Depending on the task at hand, iterating by UTF-8 byte or by code point can make sense, too. And the definition of these is frozen regardless of Unicode version, which makes these safer candidates for "fundamental" operations. There is no right unit of iteration for all tasks.
If I want to know how much memory to allocate, bytes are it. If I want to know how much screen space to allocate, font rendering metrics are it. If I want to do word-breaking, grapheme clusters are it.
None of these are fundamental.
There are languages whose orthographies don't fit the Unicode grapheme cluster specification, but they're complex enough that I doubt there's any way to deal with them properly other than having someone proficient in them looking over your text processing or pawning it off to a library. At least with grapheme clusters your code won't choke on something as simple as unnormalized Latin text.
And the way you take it all into account is by refusing to accept any defaults. So, for example, a string type should not have a "length" operation at all. It should have "length in code points", "length in graphemes" etc operations. And maybe, if you do decide to expose UTF-8 (which I think is a bad idea) - "length in bytes". But every time someone talks about the length, they should be forced to specify what they want (and hence think about why they actually need it).
Similarly, strings shouldn't support simple indexing - at all.
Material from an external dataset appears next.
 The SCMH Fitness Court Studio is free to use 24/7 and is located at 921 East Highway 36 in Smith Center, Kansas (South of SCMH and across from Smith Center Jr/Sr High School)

They should support operations like "nth codepoint", "nth grapheme" etc. Again, forcing the programmer to decide every time, and to think about the implications of those decisions.
It wouldn't solve all problems, of course. But I bet it would reduce them significantly, because wrong assumptions about strings are the most common source of problems.
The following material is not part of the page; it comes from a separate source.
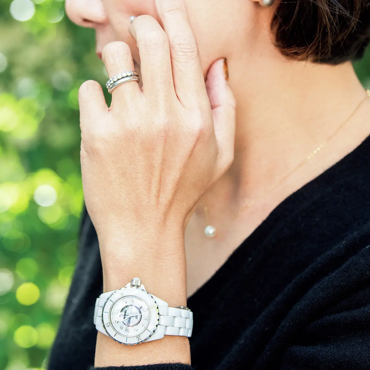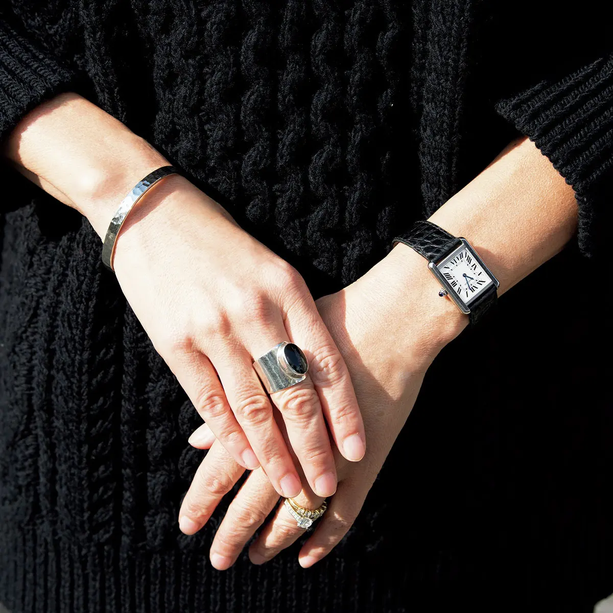 肌の露出が減る冬の着こなしにジュエリーや時計を小粋につけている人こそ、真のおしゃれ上級者。一点主義というより、ブランドにかかわらず好きなものを重ねづけする、自由な感覚の手元のおしゃれを拝見!

As for indexing, strings shouldn't require indexing period. That's the ASCII way of thinking, especially fixed width columns and such. You should be thinking relatively. For example, find me the first space then using that point in the string the next character needs to be letter. When you build you're code that way you don't fall for the trap of byte indexing or the performance hit of codepoint indexing (UTF-8) or grapheme indexing (all encodings).
Size in memory/bytes you could get trivially for any string (and this doesn't change with whether you chose bytes, graphemes or code points or whatever to iterate).
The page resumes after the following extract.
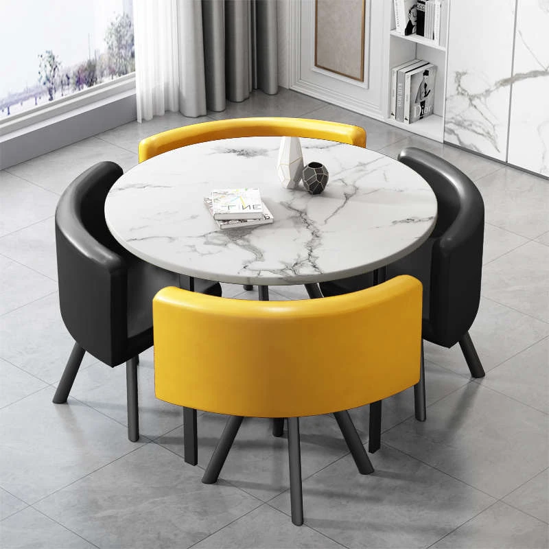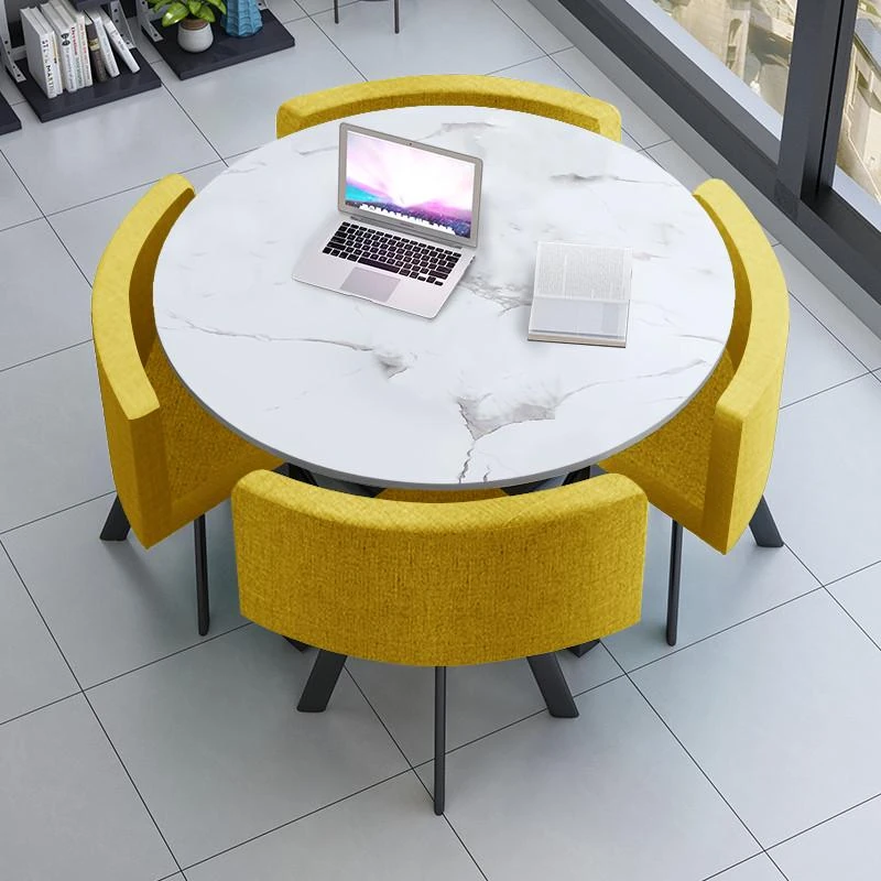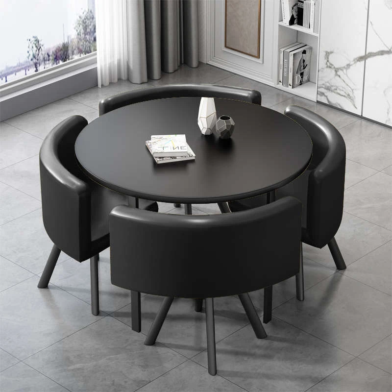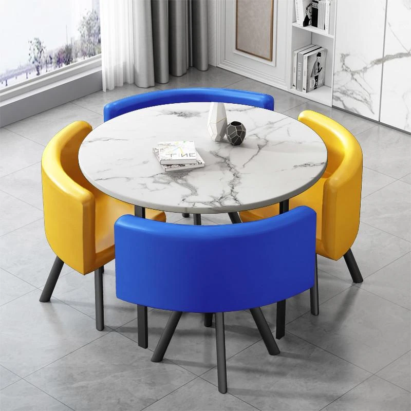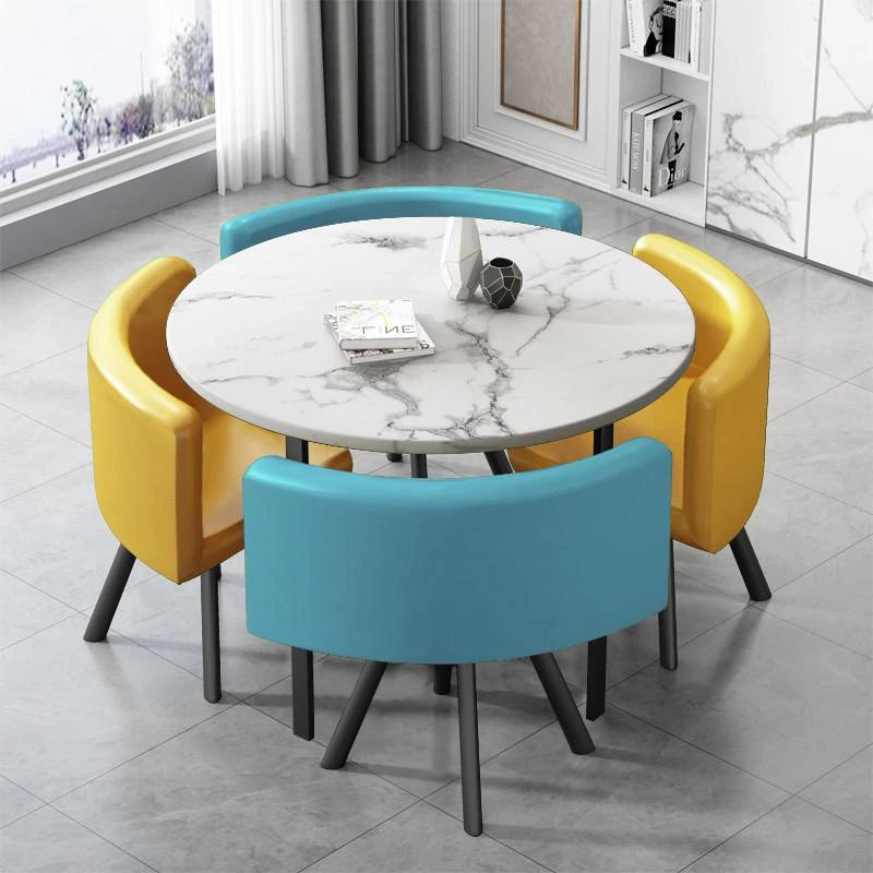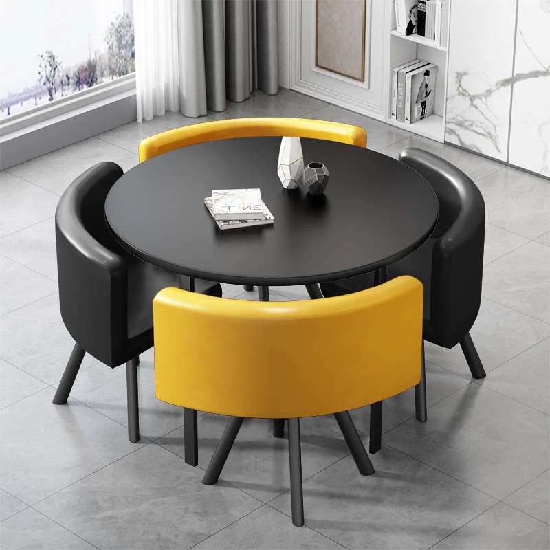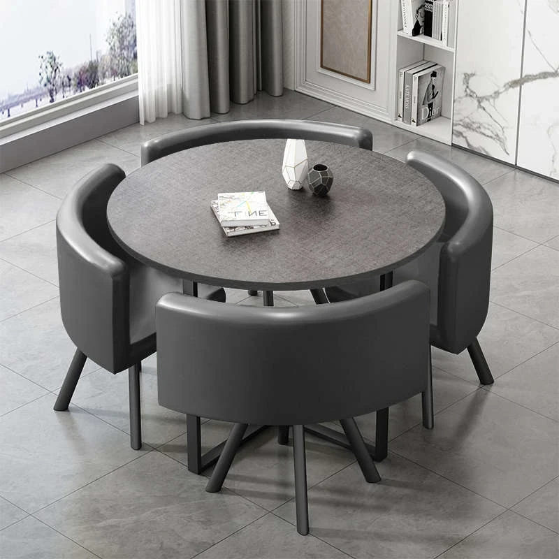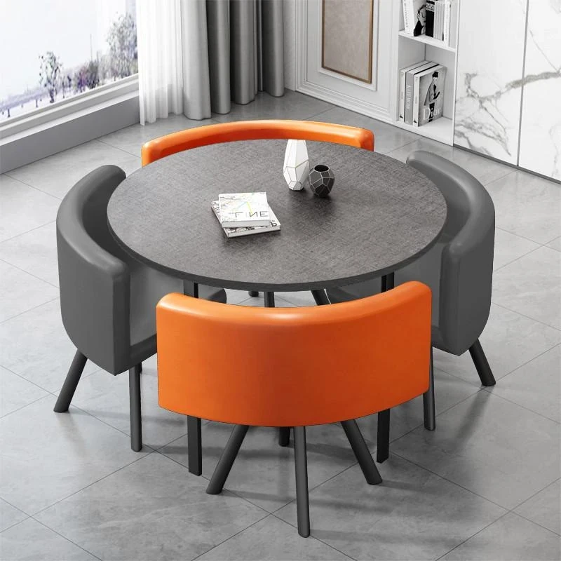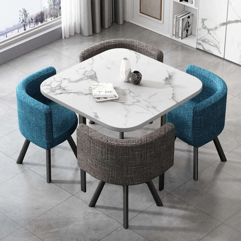 北欧スタイルのシンプルなオフィス用四角テーブルと椅子のセット。会議やカジュアルな打ち合わせに最適な小型ラウンドテーブルと椅子のコンビネーション。おしゃれで機能的なデザインが、店舗やオフィスの雰囲気を引き立てます!

Screen space is irrelevant/orthogonal to encoding -- it appears at the font level and the font rendering engine that will give the metrics will accept whatever encoding it is.
Exactly. That's why measurements of string length shouldn't ever assume I'm looking for a unit-of-offset for a monospaced font.
The problem is that most naive programmers think that's what a string length is and should be.
I also wish Python would expose more of the Unicode database than it does; I've had to turn to third-party modules that basically build their own separate database for some Unicode stuff Python doesn't provide (like access to the Script property).